The model has constant term parameters, set as c; since gender is a discrete feature, there are actually two features g1, g2 that do not occur simultaneously
If the different sexes respectively have 1000 samples, the positive examples respectively have 47 samples and 17 samples, the corresponding click rates are 0.047 and 0.017, and the corresponding weights are-3 and-4, then the trained model parameters should satisfy the following relations
c+g1=-3
c+g2=-4
Obviously, there are numerous solutions that can be satisfied, and since the initial value of the training is generally set to 0, the parameters obtained at convergence are relatively close to 0, for example, c-1, g 1-2, g 2-3
When the gender feature is absent, only the constant term c is obtained, the click rate is 0.268, which is far higher than the actual condition and tends to be close to the original reference value of 0.5
Application solution 1
Randomly copying a part of the sample, setting its sex characteristics as g-1, if the ratio of copying is large enough, the distribution of the part of the sample should be consistent with the overall distribution, the click rate is 0.032, and the corresponding weight is-3.4
So the model after training should satisfy
c+g-1=-3.4
c+g1=-3
c+g2=-4
At this time, the method still has a plurality of solutions, but when the characteristics are missing, the characteristics are g-1, so that the method can meet the overall average distribution
Application solution 2
Setting a constant term c to be-3.4 directly according to the global distribution of the sample, so that the trained model meets the requirements
-3.4+g1=-3
-3.4+g2=-4
Solving g 1-0.4 and g 2-0.6, wherein each parameter has a unique value and has reasonable meaning, c represents the reference value of the statistical sample, and g1 and g2 represent the influence of different characteristics on the reference
The problems that still exist are:
when there are multiple features, incomplete combinations still affect the parameters, such as adding one feature f, two possible values f1 and f2, and the trained model needs to satisfy
c+g1+f1=w1
c+g1+f2=w2
c+g2+f1=w3
c+g2+f2=w4
At this point, if c can be determined in advance, there is still a unique solution.
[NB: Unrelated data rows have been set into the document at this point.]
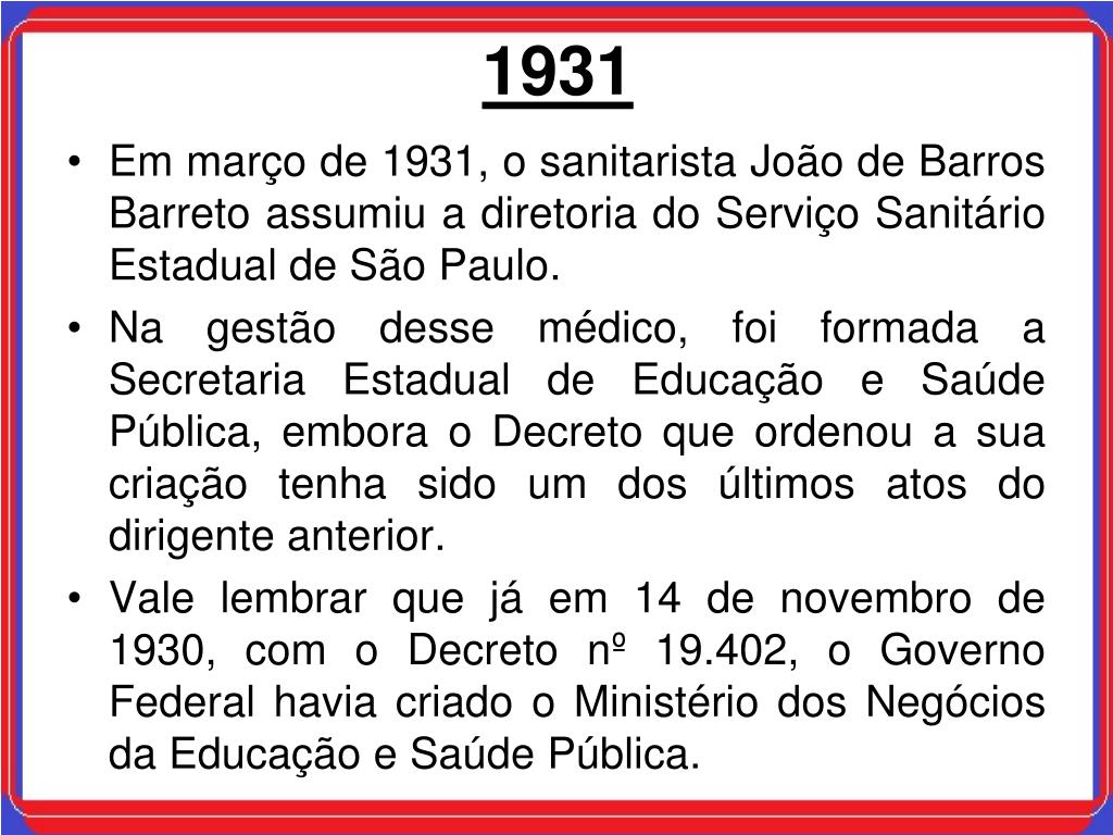 1931 Em março de 1931, o sanitarista João de Barros Barreto assumiu a diretoria do Serviço Sanitário Estadual de São Paulo. Na gestão desse médico, foi formada a Secretaria Estadual de Educação e Saúde Pública, embora o Decreto que ordenou a sua criação tenha sido um dos últimos atos do dirigente anterior. Vale lembrar que já em 14 de novembro de 1930, com o Decreto nº 19.402, o Governo Federal havia criado o Ministério dos Negócios da Educação e Saúde Pública.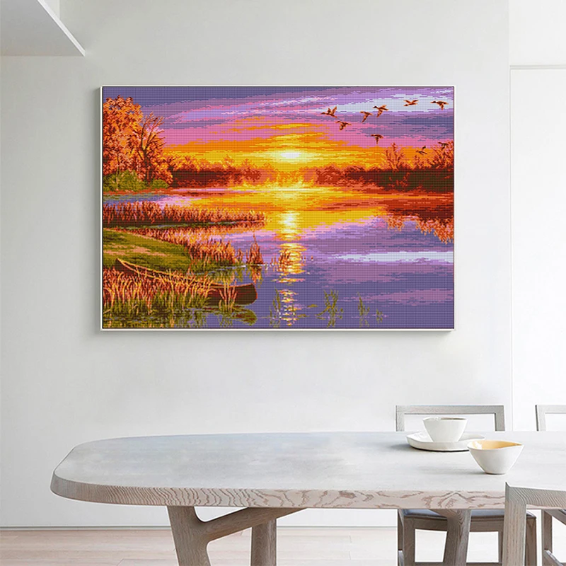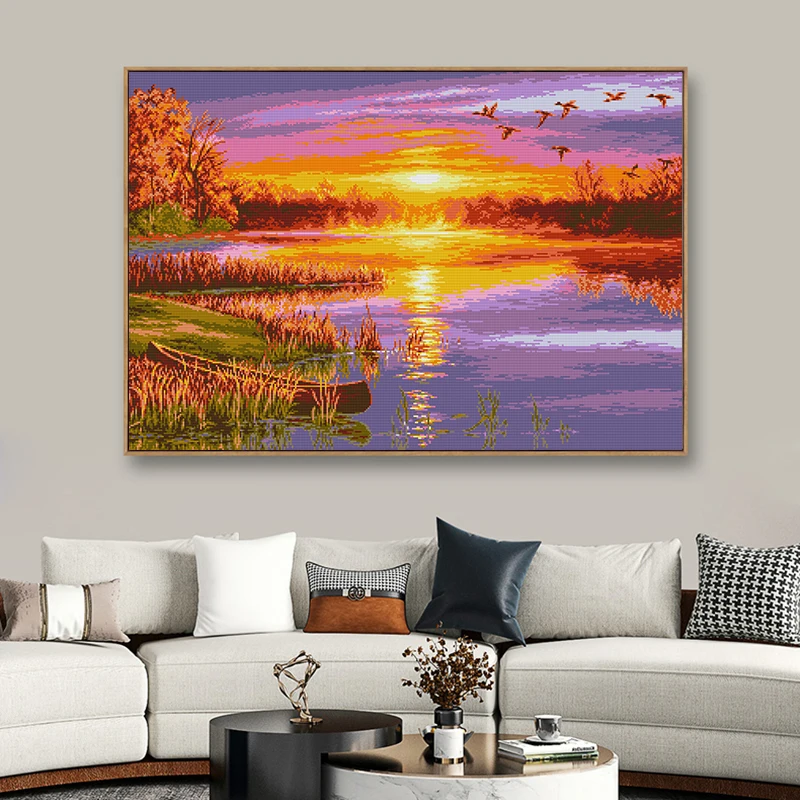 Осень закат пейзаж узор вышивка крестиком комплект Aida 14CT 11CT граф холст Рукоделие Набор сделай сам украшение дома подарок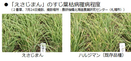 「えさじまん」は、農研機構と雪印種苗株式会社が共同育成した栄養収量の多い中生品種である。糖含量が既存品種より約3ポイント高いためサイレージ発酵品質は良好となり、繊維成分が少なく、栄養価が高いことから乳牛の摂取養分量の増加により産乳量の増加が期待できる。 利用は採草を主体とする。夏季の2及び3番草が既存品種より5-6%多収で、すじ葉枯病に対する耐病性に優れ、夏季の環境耐性は優れる。アルファルファなどマメ科牧草との混播では良好なマメ科率を維持できる。 以上より、既存品種と比較して、飼料の生産性の向上が図られる。 |

However, in reality, all combinations of the features g and the features f do not necessarily appear in the sample, and the model still has no unique solution, and the lack of features still has an influence. However, since the overall distribution of the sample (constant term c) has been determined, its contribution is dominant and the remaining features are weighted on the overall distribution, where the feature missing effect is smaller.
Application solution 3
According to scheme 2 to yield c ═ -3.4
Copying part of the sample, the model satisfies
c-3.4 or c + g-1-3.4
c+g1=-3
c+g2=-4
Reasonable and unique parametric solutions are directly available, although for the multi-feature case the resulting condition is solution-free, since LR itself is based on the linear assumption, and for data that does not satisfy linearity, a perfect solution is not possible.
The above are only typical examples of the present invention, and besides, the present invention may have other embodiments, and all the technical solutions formed by equivalent substitutions or equivalent changes are within the scope of the present invention as claimed.